(EXERCISE INPUTS)
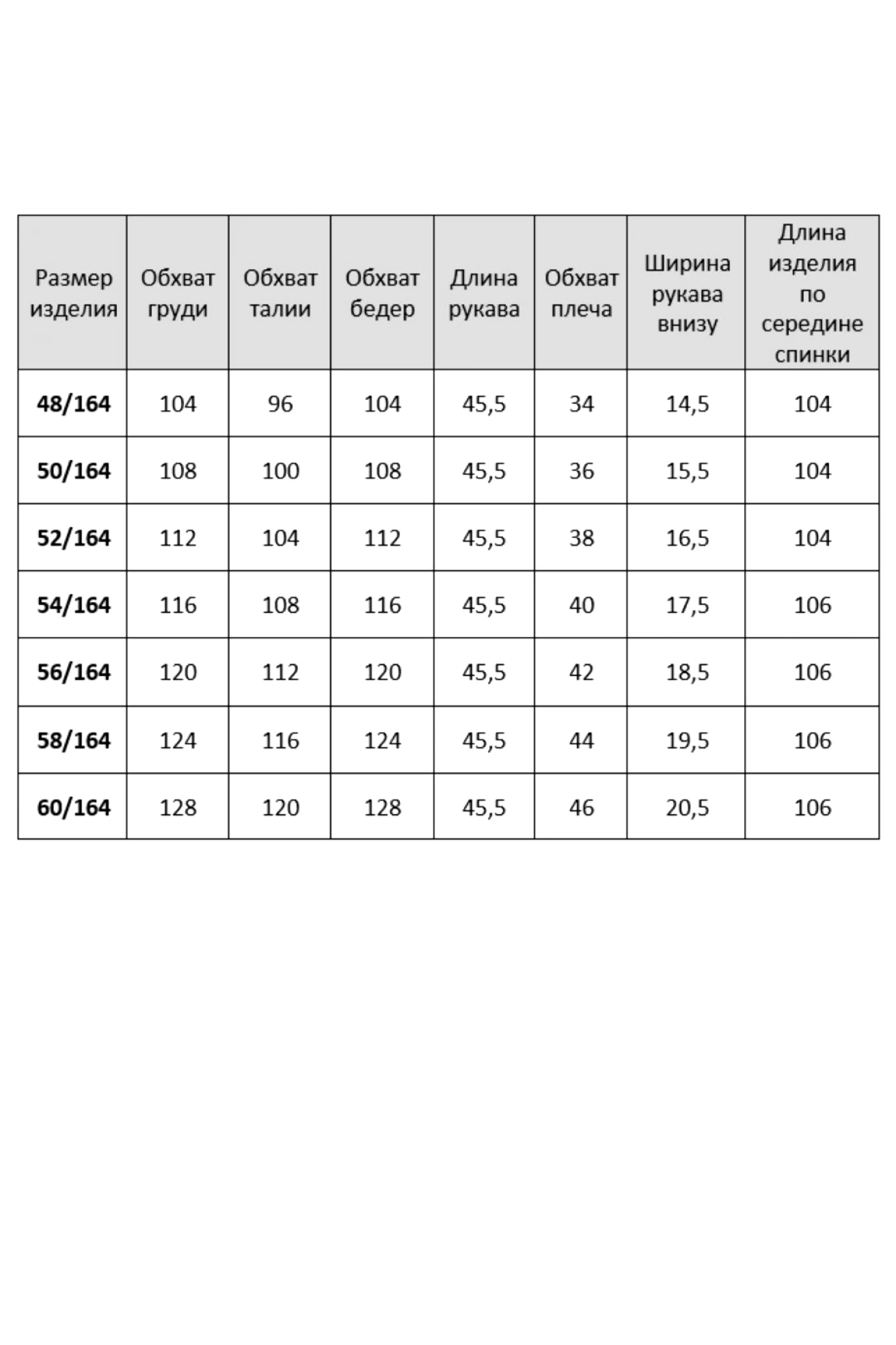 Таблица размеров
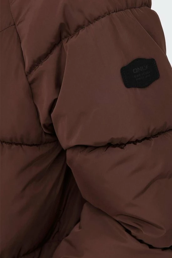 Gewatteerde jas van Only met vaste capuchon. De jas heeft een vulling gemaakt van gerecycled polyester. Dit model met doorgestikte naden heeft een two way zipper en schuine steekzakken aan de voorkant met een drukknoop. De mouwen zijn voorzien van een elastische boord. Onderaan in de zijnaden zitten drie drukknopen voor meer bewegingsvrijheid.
(End EXERCISE INPUTS)
(EXERCISE INPUTS)
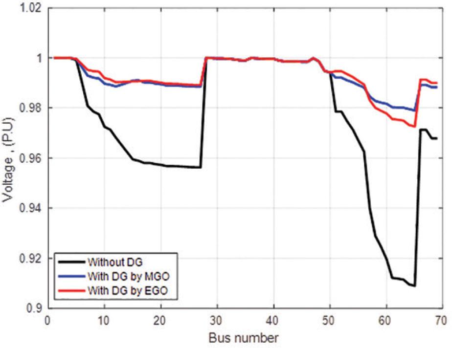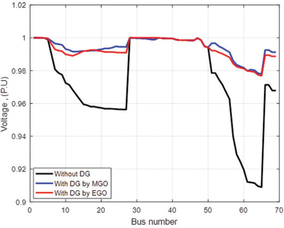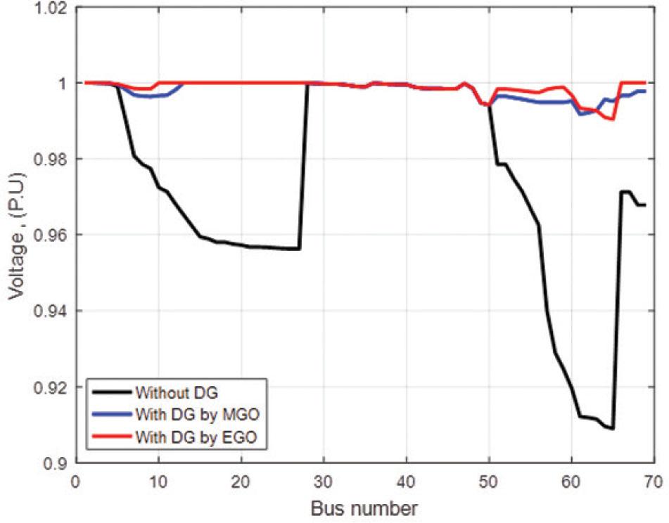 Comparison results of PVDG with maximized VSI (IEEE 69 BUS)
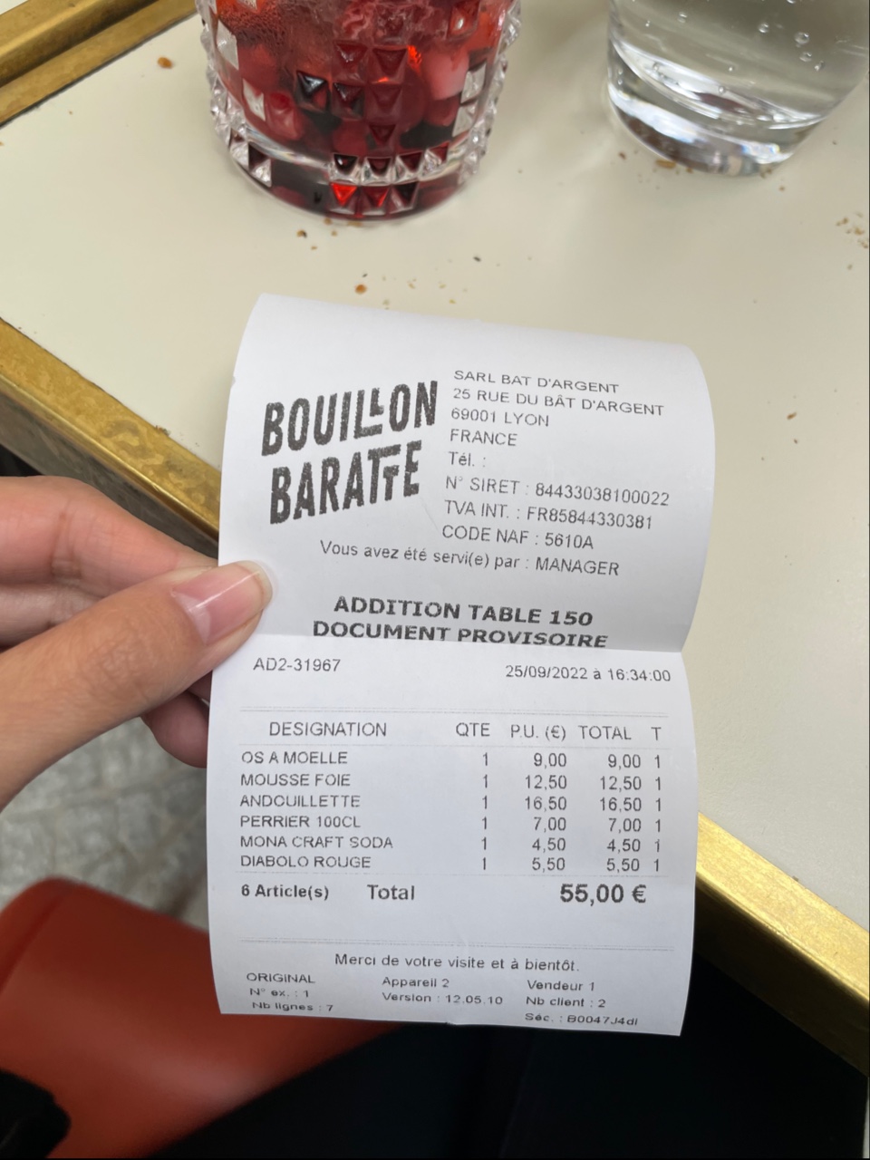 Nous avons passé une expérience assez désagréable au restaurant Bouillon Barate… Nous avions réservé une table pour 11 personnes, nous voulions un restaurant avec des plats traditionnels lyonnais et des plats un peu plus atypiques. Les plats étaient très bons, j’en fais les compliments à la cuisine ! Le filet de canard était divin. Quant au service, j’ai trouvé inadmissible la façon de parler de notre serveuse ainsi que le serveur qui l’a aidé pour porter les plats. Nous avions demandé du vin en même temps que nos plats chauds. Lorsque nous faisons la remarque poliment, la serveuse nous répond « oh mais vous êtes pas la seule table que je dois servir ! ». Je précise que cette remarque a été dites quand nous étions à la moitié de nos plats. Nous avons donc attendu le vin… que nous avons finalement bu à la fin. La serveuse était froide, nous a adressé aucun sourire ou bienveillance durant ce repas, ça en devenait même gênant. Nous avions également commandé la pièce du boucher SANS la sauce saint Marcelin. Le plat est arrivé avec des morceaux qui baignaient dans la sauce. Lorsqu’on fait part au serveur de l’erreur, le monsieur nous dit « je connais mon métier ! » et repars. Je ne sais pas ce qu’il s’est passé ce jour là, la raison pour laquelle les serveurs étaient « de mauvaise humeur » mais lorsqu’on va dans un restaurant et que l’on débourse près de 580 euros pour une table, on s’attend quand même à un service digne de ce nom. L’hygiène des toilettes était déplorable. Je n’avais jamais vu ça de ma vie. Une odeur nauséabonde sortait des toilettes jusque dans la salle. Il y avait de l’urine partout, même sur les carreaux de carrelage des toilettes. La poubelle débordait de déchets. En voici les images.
(End EXERCISE INPUTS)
**REQUIRED ACTION**
Your reply should consist solely of the lines above from the line containing "Таблица размеров" up to and including the line containing "Gewatteerde jas van", reproduced exactly, minus the pictures.

**TASK OUTPUT**
 Таблица размеров
 Gewatteerde jas van Only met vaste capuchon. De jas heeft een vulling gemaakt van gerecycled polyester. Dit model met doorgestikte naden heeft een two way zipper en schuine steekzakken aan de voorkant met een drukknoop. De mouwen zijn voorzien van een elastische boord. Onderaan in de zijnaden zitten drie drukknopen voor meer bewegingsvrijheid.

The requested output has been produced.